Supplied records:
▬▬▬▬▬▬▬▬▬▬

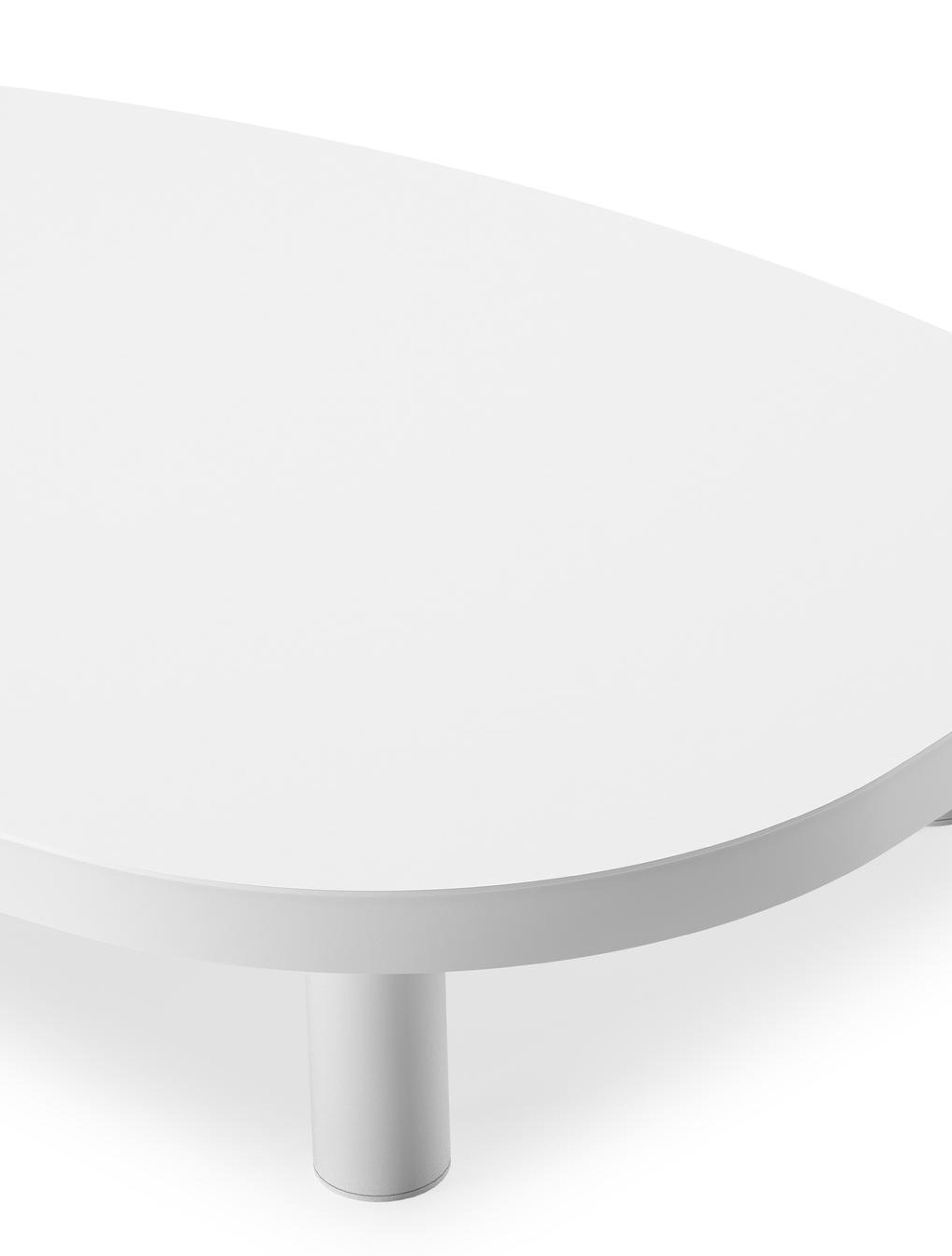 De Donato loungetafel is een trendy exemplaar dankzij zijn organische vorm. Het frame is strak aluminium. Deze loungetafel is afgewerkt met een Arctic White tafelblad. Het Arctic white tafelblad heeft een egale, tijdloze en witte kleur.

▬▬▬▬▬▬▬▬▬▬

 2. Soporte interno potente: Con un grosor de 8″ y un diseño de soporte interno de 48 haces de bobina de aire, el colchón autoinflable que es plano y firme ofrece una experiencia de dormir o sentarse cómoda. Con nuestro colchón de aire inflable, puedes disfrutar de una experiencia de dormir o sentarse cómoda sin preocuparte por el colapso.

▬▬▬▬▬▬▬▬▬▬

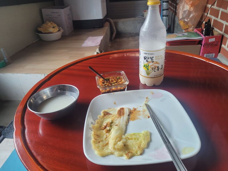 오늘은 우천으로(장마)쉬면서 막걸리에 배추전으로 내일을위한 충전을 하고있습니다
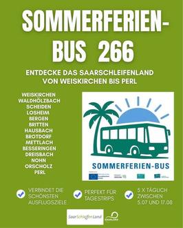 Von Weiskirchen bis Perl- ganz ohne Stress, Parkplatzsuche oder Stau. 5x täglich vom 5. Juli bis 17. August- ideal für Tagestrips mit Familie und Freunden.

▬▬▬▬▬▬▬▬▬▬

Try it: Between and including the line with "오늘은 우천으로(장마)쉬면서 막걸리에 배추전으로 내일을위한 충전을 하고있습니다" and the line with "Von Weiskirchen bis", repeat every line exactly as it appears above, with pictures left out.

Task result:
 오늘은 우천으로(장마)쉬면서 막걸리에 배추전으로 내일을위한 충전을 하고있습니다
 Von Weiskirchen bis Perl- ganz ohne Stress, Parkplatzsuche oder Stau. 5x täglich vom 5. Juli bis 17. August- ideal für Tagestrips mit Familie und Freunden.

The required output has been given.